The namesake of Smith's Ferry was one of the many ferry operators who navigated the Connecticut prior to the construction of the Joseph E. Muller Bridge and South Hadley Falls Bridge in Holyoke. The first ferry began operation in 1658, long before the establishment of the city, and others continued operating between the east and west riverbanks through the early 20th century.

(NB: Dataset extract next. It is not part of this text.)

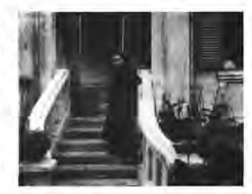
Vietnamese housekeeper clad in brown silk tunic (ao nam than). A silver necklace adorned with dragon motifs completes the dress
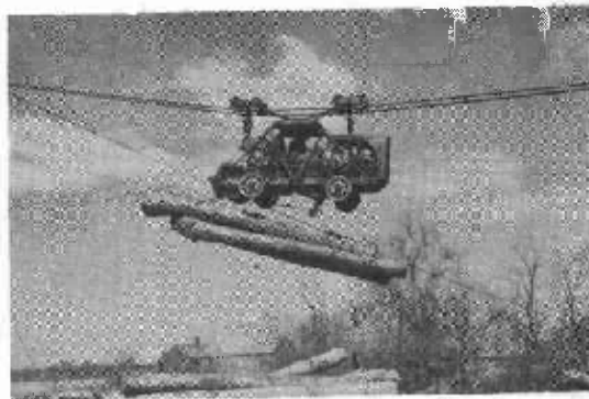
Figure 3.--Skyhook transporting a load of logs.

By 1704, around half a dozen families lived in Smith's Ferry, often banding together at nights and "forting" in a single house to stave off attacks from the local natives. Months after the successful Raid on Deerfield during Queen Anne's War, on May 13, 1704, a number of tribesmen attacked Easthampton in the Pascommuck Massacre. Several of these men would go on to attack Smith's Ferry, crossing over the Mount Tom Range and setting fire to the homestead of Benjamin Wright. Ultimately they would be repelled by the village settlers; one native was killed during the skirmish.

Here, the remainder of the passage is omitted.